Dieci mesi di discussione e confronto su un documento che ha avuto consensi bulgari – «Il lavoro è…» è stato votato dal 98 per cento degli iscritti contro il 2% di «Riconquistiamo tutto!» – ma che vedrà per la prima volta nella storia del sindacato due candidati alla successione di Susanna Camusso presentarsi al congresso.

All’indicazione di Maurizio Landini fatta dalla stessa Camusso il 9 ottobre, appoggiata da 7 componenti su 9 della segreteria confederale, da gran parte dei territori e categorie è seguita proprio in questi giorni quella di Vincenzo Colla, formalizzata a congressi di categoria finiti.

Una contrapposizione difficilmente spiegabile sul piano programmatico – «diverse sensibilità» – ancora di meno a livello di classe dirigente: furono proprio i pensionati – principali sostenitori di Colla – a proporre nell’estate 2017 l’ingresso di Landini in segreteria confederale in chiave di ricomposizione unitaria.

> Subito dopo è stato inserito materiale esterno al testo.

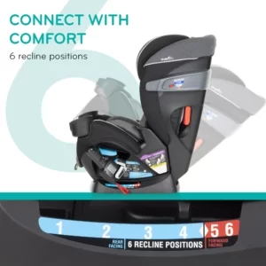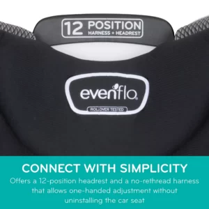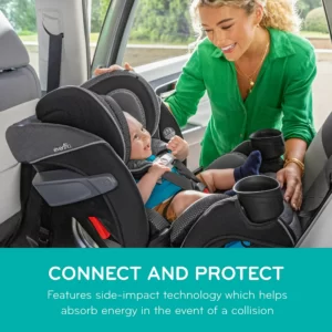 Conheça o assento de carro projetado para sua vida digitalmente conectada: o assento de carro Evenflo® All4One™ 4 em 1 com SensorSafe™. Apresentando a tecnologia SensorSafe integrada para mantê-lo conectado ao seu filho do banco de trás em tempo real. O apoio de cabeça All4One permite que você escolha entre 12 posições, e um arnês sem rosca permite o ajuste com apenas uma mão – não há necessidade de desinstalar o assento do carro para fazer o trabalho. O All4One também está equipado com SensorSafe para enviar mensagens em tempo real para o seu telefone, alertando-o sobre condições potencialmente inseguras no carro, incluindo desafivelamento inesperado do clipe no peito, temperatura insegura, criança desacompanhada no carro e criança sentada por muito tempo. Então, quando seus olhos estão na estrada, você pode manter essa conexão vital entre pais e filhos. O All4One possui tecnologia de impacto lateral que ajuda a absorver energia em caso de colisão. O travesseiro de pelúcia foi projetado para apoiar adequadamente a cabeça do seu filho, e o acolchoamento da cabeça e do corpo é removível para facilitar a limpeza. As guias do cinto de ombro posicionam corretamente o cinto do veículo sobre o ombro do seu filho para garantir um ajuste preciso no modo de reforço. Para maior comodidade, os porta-copos integrados mantêm as bebidas ao alcance do seu filho. Conecte-se com o All4One. É tudo o que você precisa em um assento de carro!

Il congresso della Cgil ha una valenza più vasta di quella sindacale. «Il vecchio arnese», «quelli che mettono il gettone nell’iPhone» che Matteo Renzi voleva rottamare hanno lottato per sopravvivere, cambiando prima di tutto loro stessi.

Dal 2015 a oggi la Cgil è diventata battagliera, lanciandosi in tutta una serie di prime volte – Carta dei diritti universali che unifica i lavoratori senza distinzioni di contratto e condizioni, referendum abrogativi – che ne hanno fatto l’unico punto di riferimento rimasto per coloro che vogliono lottare per i diritti in un mondo del lavoro sempre più diviso e ridotto ad una guerra fra poveri.

In questo cambiamento che ha riavvicinato i giovani al sindacato sta il terreno di ricomposizione della Cgil. La trasformazione che ha portato Susanna Camusso a riallacciare i fili con la Fiom e con Landini e a superare i contrasti.

Dai lavoratori della gig economy alle cassiere degli ipermercati, dai migranti che riempiono le nostre campagne ai facchini della logistica la richiesta di una nuova stagione di lotta e di nuovi diritti è l’unica via di riscatto per una sinistra che sta pian piano sparendo dai radar politici.

Quel «nuovo modello di sviluppo» storicamente rivendicato dalla Fiom e da Landini è il vessillo su cui ricostruire un’idea di sinistra in Italia.

Una sinistra in cui il sindacato sia uno sprone, un soggetto politico sempre però autonomo e indipendente dai partiti.

A Bari si vedrà se tutto ciò sarà davvero possibile.